# Canon EF 85mm f/1.8 OR Canon EF 50mm f/1.4



## lilGMoney (Oct 15, 2007)

I have an XTi and was wondering which one is better. In terms of quality, light, (for portraits), etcetera.

What is they key difference? Which would you chose?


----------



## EOS_JD (Oct 15, 2007)

Differences - 

50mm is obviously 2/3 stop faster
50mm has a wider field of view
85mm can be long on a crop camera like the XTi. Unless you have plenty of room, all you'll get is a head and shoulders portrait.
Because of the longer focal length, shooting the same subject at the same subject distance, the 85 will have a nicer bokeh.

Both are very sharp.

What sort of portraiture work do you envisage doing?


----------



## usayit (Oct 15, 2007)

I like the 85mm f/1.8 on a full frame so my vote is for the 50mm f/1.4 on a cropped sensor.    Either lens is good all around and very sharp.  I have both and do use both frequently.

But

As EOS_JD mentioned, it depends on the type of portraits you want to take.


----------



## sabbath999 (Oct 15, 2007)

Both


----------



## lilGMoney (Oct 15, 2007)

Ah, just regular old' fashioned family portraits.

Perhaps some landscape.


----------



## EOS_JD (Oct 16, 2007)

lilGMoney said:


> Ah, just regular old' fashioned family portraits.
> 
> Perhaps some landscape.


 
Do you have any lenses? If so, set it to 50mm and check the field of view..... Then if you can set it to 85mm and check the field of view......

That will give yu an idea for composition. As you'll see the 85mm is pretty long on a crop body.

Both are indeed excellent lenses. I own both and use them for different scenarios.


----------



## keith204 (Oct 16, 2007)

how about the 85mm f/1.8 and the 50mm f/1.8

the 50mm f/1.8 is only like 79 bucks, and super.


----------



## lilGMoney (Oct 17, 2007)

Yes, but the 50mm f/1.4 is of much better quality.
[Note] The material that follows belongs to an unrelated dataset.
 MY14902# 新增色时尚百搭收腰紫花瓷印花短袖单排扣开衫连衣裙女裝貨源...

And aesthetically superior.


----------



## EOS_JD (Oct 17, 2007)

keith204 said:


> how about the 85mm f/1.8 and the 50mm f/1.8
> 
> the 50mm f/1.8 is only like 79 bucks, and super.


 
50 1.8 is a very sharp lens but is not up to tough use. It's poorly built and is slower to AF than the 50 f1.4. 
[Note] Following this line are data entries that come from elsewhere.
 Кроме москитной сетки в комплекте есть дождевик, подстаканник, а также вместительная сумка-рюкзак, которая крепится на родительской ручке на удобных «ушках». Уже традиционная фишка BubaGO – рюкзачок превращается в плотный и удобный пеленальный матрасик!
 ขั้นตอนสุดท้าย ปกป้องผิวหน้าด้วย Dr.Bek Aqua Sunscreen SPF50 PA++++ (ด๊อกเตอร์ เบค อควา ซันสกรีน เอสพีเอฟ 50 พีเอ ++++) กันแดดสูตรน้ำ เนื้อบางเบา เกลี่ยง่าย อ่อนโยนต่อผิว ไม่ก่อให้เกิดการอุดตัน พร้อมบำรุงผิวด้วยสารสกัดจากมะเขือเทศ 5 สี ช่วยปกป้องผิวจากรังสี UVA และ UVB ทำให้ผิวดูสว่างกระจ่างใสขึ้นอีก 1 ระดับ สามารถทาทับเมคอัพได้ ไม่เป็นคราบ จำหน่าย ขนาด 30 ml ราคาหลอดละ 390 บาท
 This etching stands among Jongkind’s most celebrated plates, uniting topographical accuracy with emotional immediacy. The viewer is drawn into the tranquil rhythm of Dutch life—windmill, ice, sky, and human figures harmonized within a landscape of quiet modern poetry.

The 50 1.4 is also 2/3 stop faster which does help in low light and the bokeh is nicer.


----------



## usayit (Oct 17, 2007)

But honestly... an amateur on a budget can be totally happy with the 50mm f1.8 in terms of image quality.  Build wise... I wouldn't rank build as high on the must have list if the lens is not used commercially. 
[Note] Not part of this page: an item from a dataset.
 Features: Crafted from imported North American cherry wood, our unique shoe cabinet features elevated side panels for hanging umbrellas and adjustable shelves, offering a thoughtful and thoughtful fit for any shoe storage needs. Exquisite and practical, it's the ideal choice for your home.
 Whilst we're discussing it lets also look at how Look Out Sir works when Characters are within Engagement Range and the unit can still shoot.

It all depends on just how much you are willing to stretch your bank account... look at yourself and be reasonable... the 50mm f1.8 is more than good enough for 90% of the hobbiests out there.  It is cheap enough that there is no good reaon not to have one to accompany whatever medium zoom you choose.

If low-light photography is what you want... dump the Canon stuff and get a Leica M8 with 35mm summilux and 50mm noctilux.  Now you can walk around and shoot by candlelight all day long but you'll be over $10,000 under....  so where do you want to stop.


----------



## EOS_JD (Oct 17, 2007)

Very true USA but the question was asked about the 85/1.8 and 50/1.4 so budget wise he must have considered the price.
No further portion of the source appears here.